最も多く行われていますのは,(1)または(2)の目的で(3)を(7)の時期に行うことです。(1),(3),(7)の組合せは術後補助化学療法と言われますが,当センターはこの草分け的存在です。の教授を退職して当センターになり,を組織して(厚生省今永班),術後補助化学療法の有効性を研究したのが30年前でした。これは厚生省のバックアップを受けた最初の研究であり, 以来,多くの研究が実施されてきております。ところが最近,手術の精度が向上するとともに手術だけで治る人が増えてきており,抗がん剤の有効性に疑問を持たれるようになってきました。
そのため,現在では,胃がんステージ全国の施設で共同して抗がん剤の有効牲を再検討しており,センターもそれに参加しておりますが,まだ結論は出ておりません。したがって,現時点においては術後補助化学療法が有効であるかどうかについては,どちらとも言えません。
 ただ,(2)と(4)の粗合せになりますが,肝転移があるひとに対する抗がん剤の肝動脈内注入法(肝動注法)は,現在その効果が確認されている唯一の化学療法であろうと考えております。

薬物療法の一つに免疫療法があります。胃がんステージこれは,人間には自分に不利なものを認識して排除しようという生まれつきの能力(免疫)が備わっていますが,この免疫力を高めることによってがんを治そうとする試みです。副作用が少ないという利点はありますが, 効果ははっきりしません。

●放射線療法
放射線は,胃がんに対する効果が弱いうえに,正常な大腸や小腸を損傷しやすいため,通常は胃がんに対して放射線を照射することはありません。しかし,脳や骨やリンパ節などに転移が起きたときに,胃がんステージその転移部位に放射線をかけることがあります。


6.胃がんの治療成績

 センターでは毎年およそ200名ほどの胃がん患者さんの手術をしています。全国的にも十指に入る手術数で,現在までに延べ7,000名を超えました。

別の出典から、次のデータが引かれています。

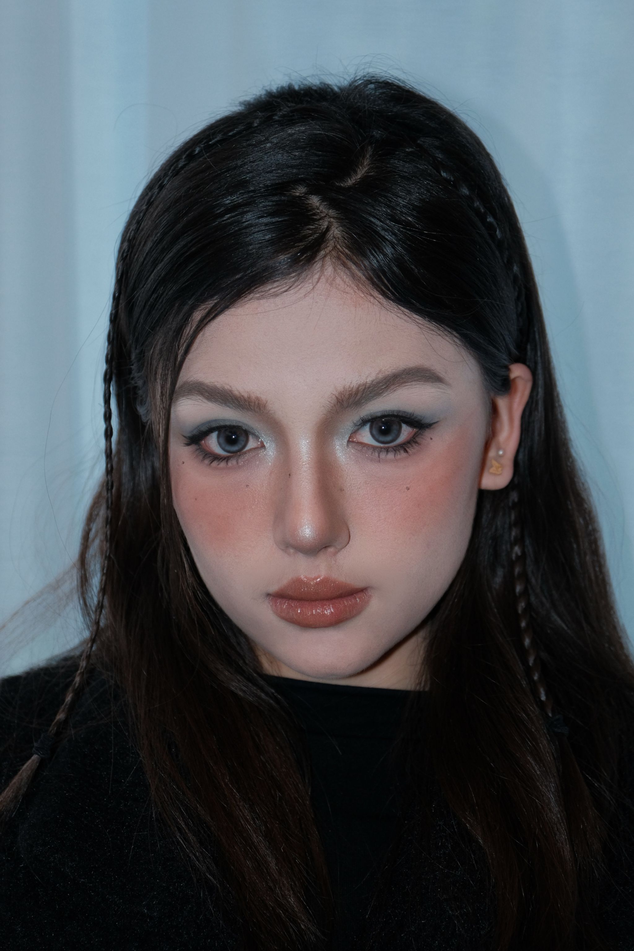霜粉色眼影层层晕染出蓬松云朵感,银闪如柳絮飘落在眼尾,灰瞳藏着初融的春水,哑光桃唇轻启似欲说还休,脸颊与鼻尖花瓣是春天偷吻的印记。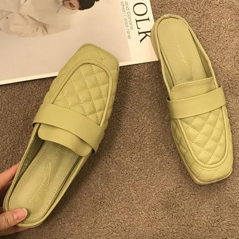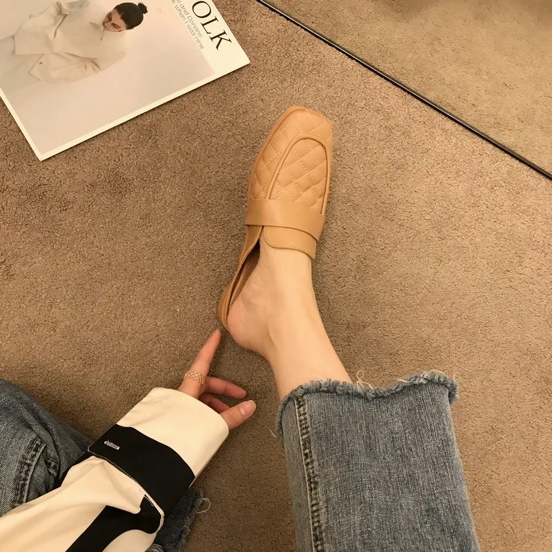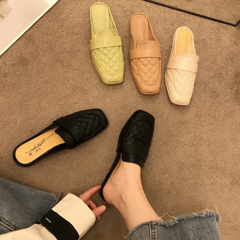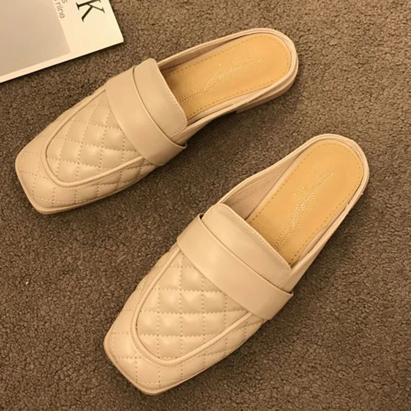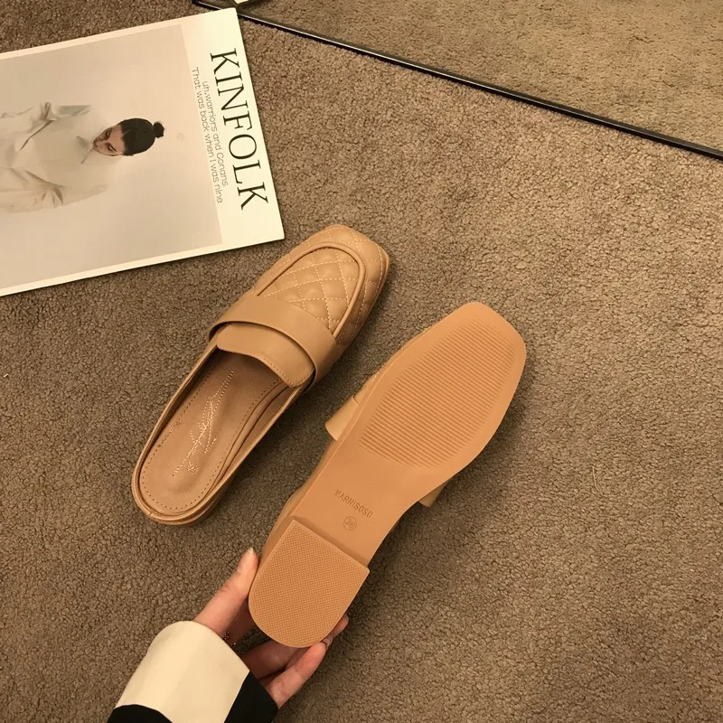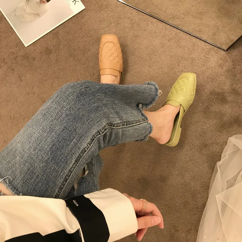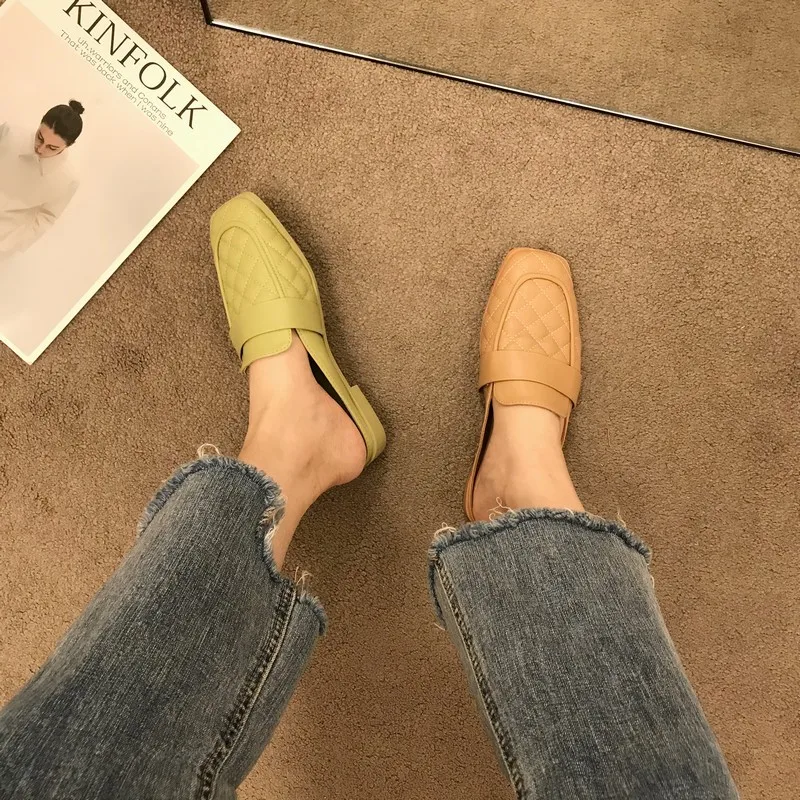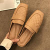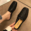 Square Toe weave mules beach flat slides women shoes microfiber leather flip flops solid knitted cover toe slippers women 2020

 がんセンターが開設された30年前には,手術できた人でもその多くが進行がんであり,胃がんステージせっかく手術をしてもがんを切除できない人も多くおられました。それが現在では手術例の半数以上が早期がんであり,切除できないほど進んだ進行がんのひとはほんの僅かになってきました。会社や地域での検診の普及と第一線で活躍しておられる内科の先生方の努力の結果だと思います。

 胃がんに対する治療成績は通常5年生存率で表します。手術した人の何パ‐セントが5年後に生存しているかを示すもので,当センターの5年生存率をステージ別に述べてみましょう。

胃がんステージ

 1991〜1995年の間に胃切除した985例の手術成績です。ステージIA(493例)が99.0%,ステージIB(115例)が88.9%,ステージII(96例)が71.3%,ステージIIIA(87例)が57.6%,ステージIIIB(32例)が25.8%,ステージIV(162例)が7.6%でした。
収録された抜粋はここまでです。